*YOUR TASK*: Leave the pictures out and return every line below exactly.

*RECORDED INFORMATION*:
*-*-*

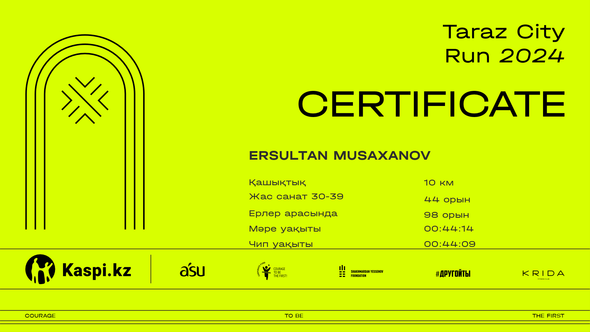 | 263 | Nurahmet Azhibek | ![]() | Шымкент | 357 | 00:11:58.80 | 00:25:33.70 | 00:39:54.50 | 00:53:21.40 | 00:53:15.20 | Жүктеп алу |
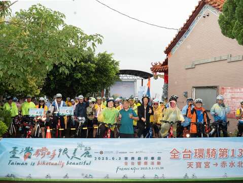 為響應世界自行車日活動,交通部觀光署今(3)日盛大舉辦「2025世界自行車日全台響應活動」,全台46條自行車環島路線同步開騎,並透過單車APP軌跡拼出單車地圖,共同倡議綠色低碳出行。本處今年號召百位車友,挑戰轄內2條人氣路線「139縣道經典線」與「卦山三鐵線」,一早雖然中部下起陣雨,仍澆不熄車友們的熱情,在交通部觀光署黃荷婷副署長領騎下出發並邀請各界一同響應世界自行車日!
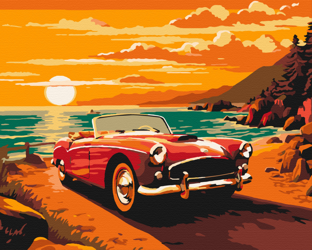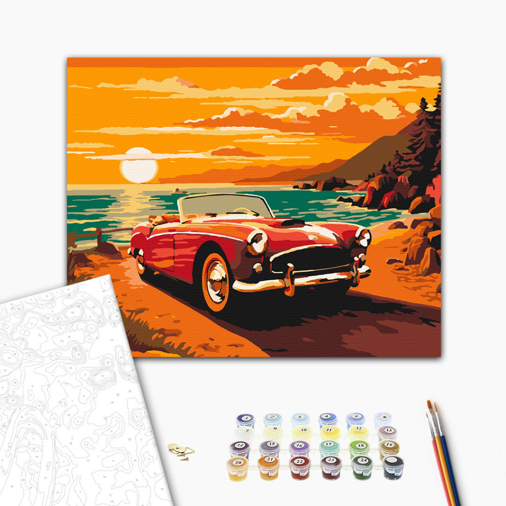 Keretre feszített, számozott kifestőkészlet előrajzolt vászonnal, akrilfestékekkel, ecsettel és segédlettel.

*-*-*

*EXERCISE RESPONSE*:
 | 263 | Nurahmet Azhibek | ![]() | Шымкент | 357 | 00:11:58.80 | 00:25:33.70 | 00:39:54.50 | 00:53:21.40 | 00:53:15.20 | Жүктеп алу |
 為響應世界自行車日活動,交通部觀光署今(3)日盛大舉辦「2025世界自行車日全台響應活動」,全台46條自行車環島路線同步開騎,並透過單車APP軌跡拼出單車地圖,共同倡議綠色低碳出行。本處今年號召百位車友,挑戰轄內2條人氣路線「139縣道經典線」與「卦山三鐵線」,一早雖然中部下起陣雨,仍澆不熄車友們的熱情,在交通部觀光署黃荷婷副署長領騎下出發並邀請各界一同響應世界自行車日!
 Keretre feszített, számozott kifestőkészlet előrajzolt vászonnal, akrilfestékekkel, ecsettel és segédlettel.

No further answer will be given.